Based on the full of classification of our Sun (G2V), we can therefore say that it a main-sequence star with a temperature around 5,800K. Now consider another famous star system in our galaxy – Eta Carinae, a system containing at least two stars located around 7500 light-years away in the direction of the constellation Carina. The primary of this system is estimated to be 250 times the size of our Sun, a minimum of 120 solar masses, and a million times as bright – making it one of the biggest and brightest stars ever observed.
There is some controversy over this world’s size though. Most stars blow with a solar wind, losing mass over time. But Eta Carinae is so large that it casts off 500 times the mass of the Earth every year. With so much mass lost, it’s very difficult for astronomers to accurately measure where the star ends, and its stellar wind begins. Also, it is believed that Eta Carinae will explode in the not-too-distant future, and it will be the most spectacular supernovae humans have ever seen.

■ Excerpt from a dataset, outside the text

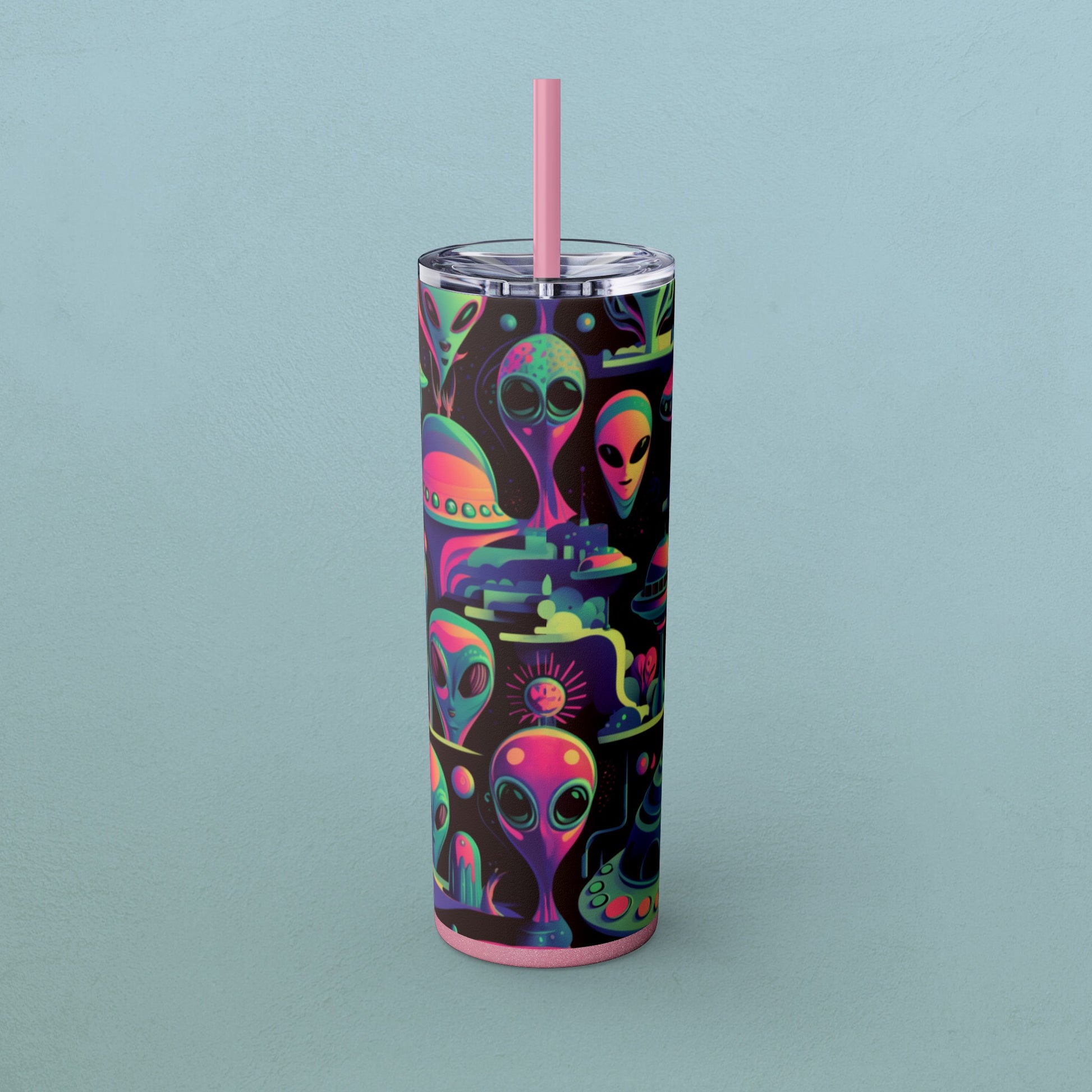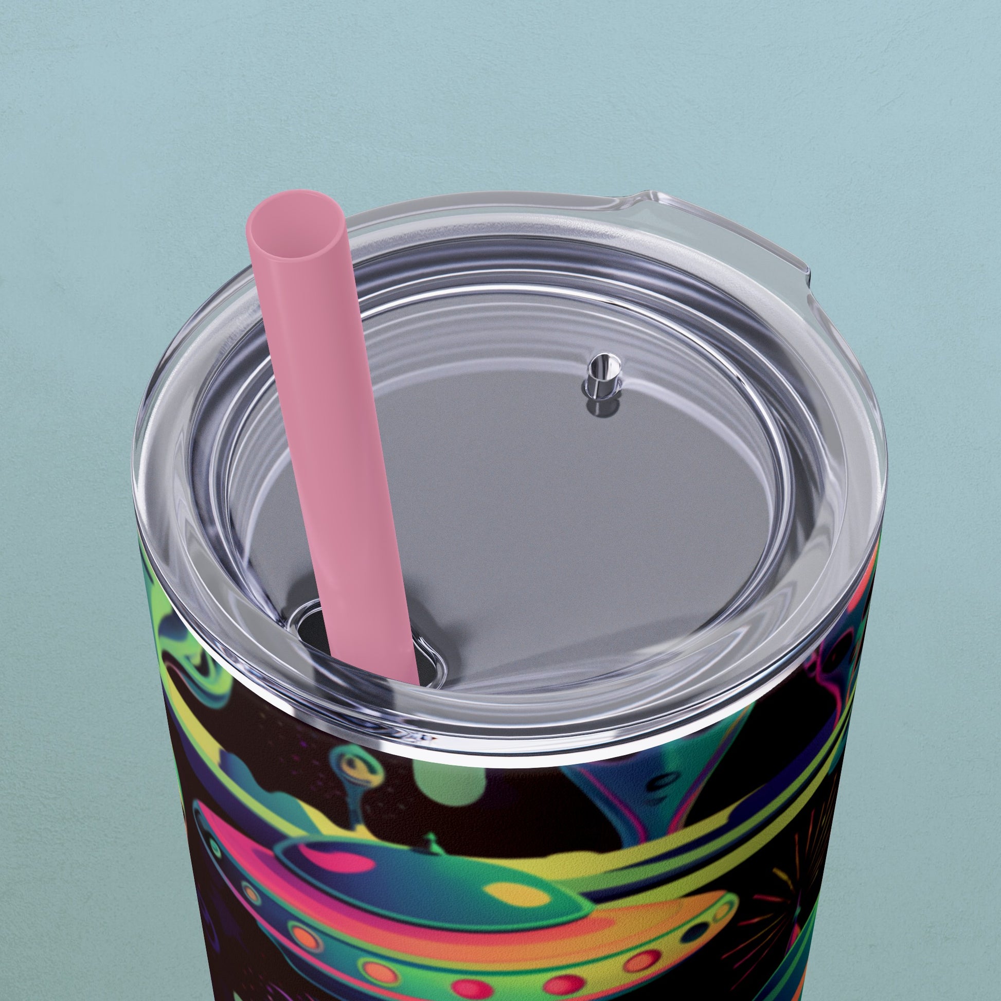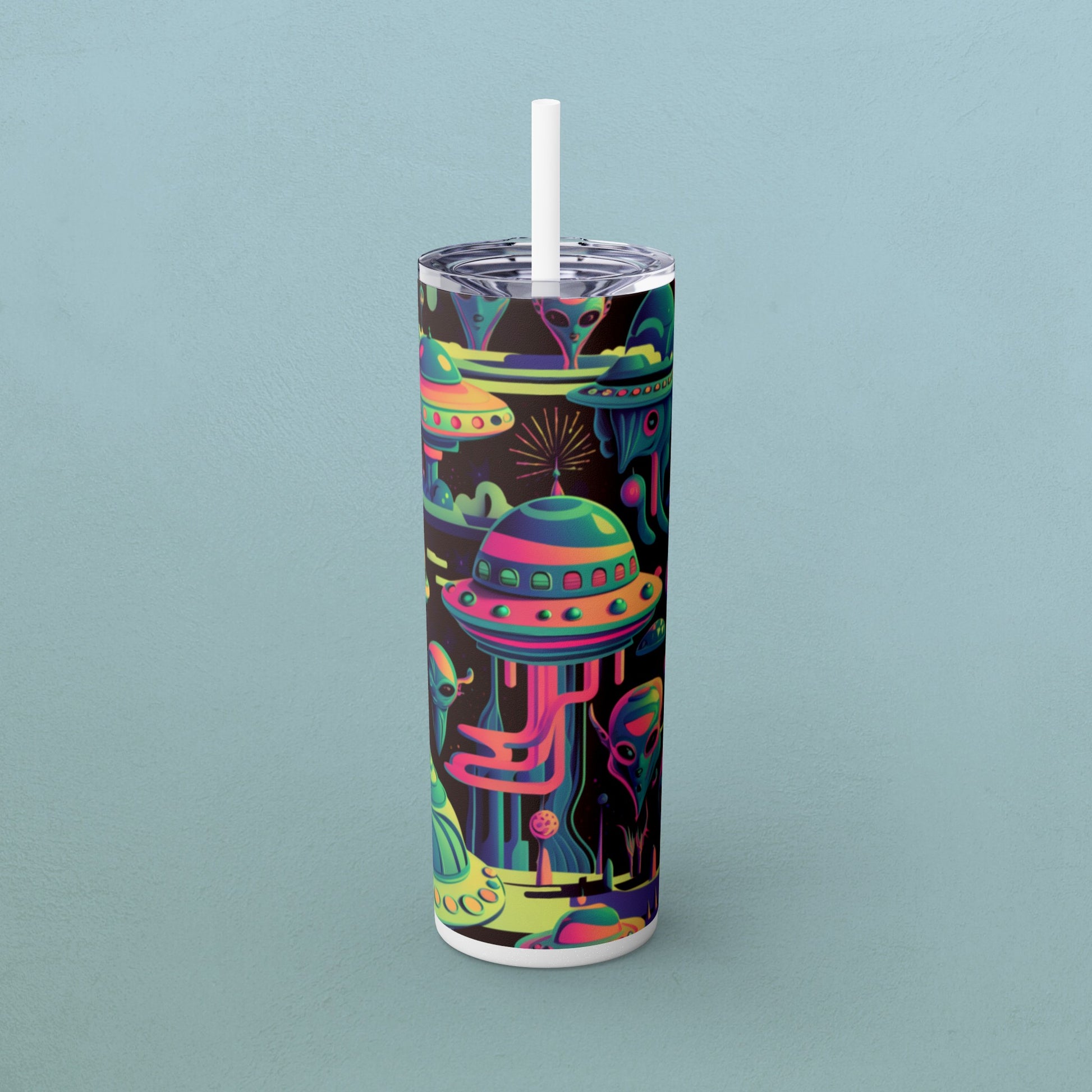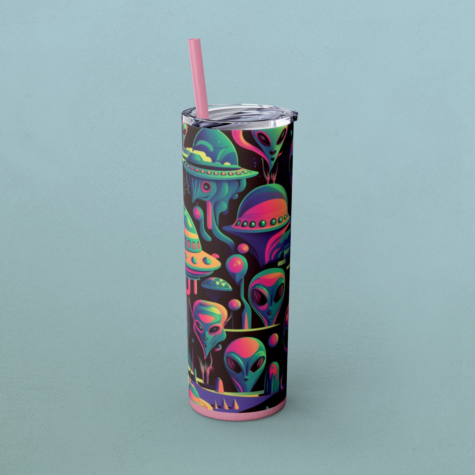 Psychedelic Aliens, Skinny Tumbler with Straw, 20oz

In terms of sheer mass, the top spot goes to R136a1, a star located in the Large Magellanic Cloud, some 163,000 light-years away. It is believed that this star may contain as much as 315 times the mass of the Sun, which presents a conundrum to astronomers since it was believed that the largest stars could only contain 150 solar masses. The answer to this is that R136a1 was probably formed when several massive stars merged together. Needless to say, R136a1 is set to detonate as a hypernova, any day now.
In terms of large stars, Betelgeuse serves as a good (and popular) example. Located in the shoulder of Orion, this familiar red supergiant has a radius of 950-1200 times the size of the Sun, and would engulf the orbit of Jupiter if placed in our Solar System. In fact, whenever we want to put our Sun’s size into perspective, we often use Betelgeuse to do it (see below)!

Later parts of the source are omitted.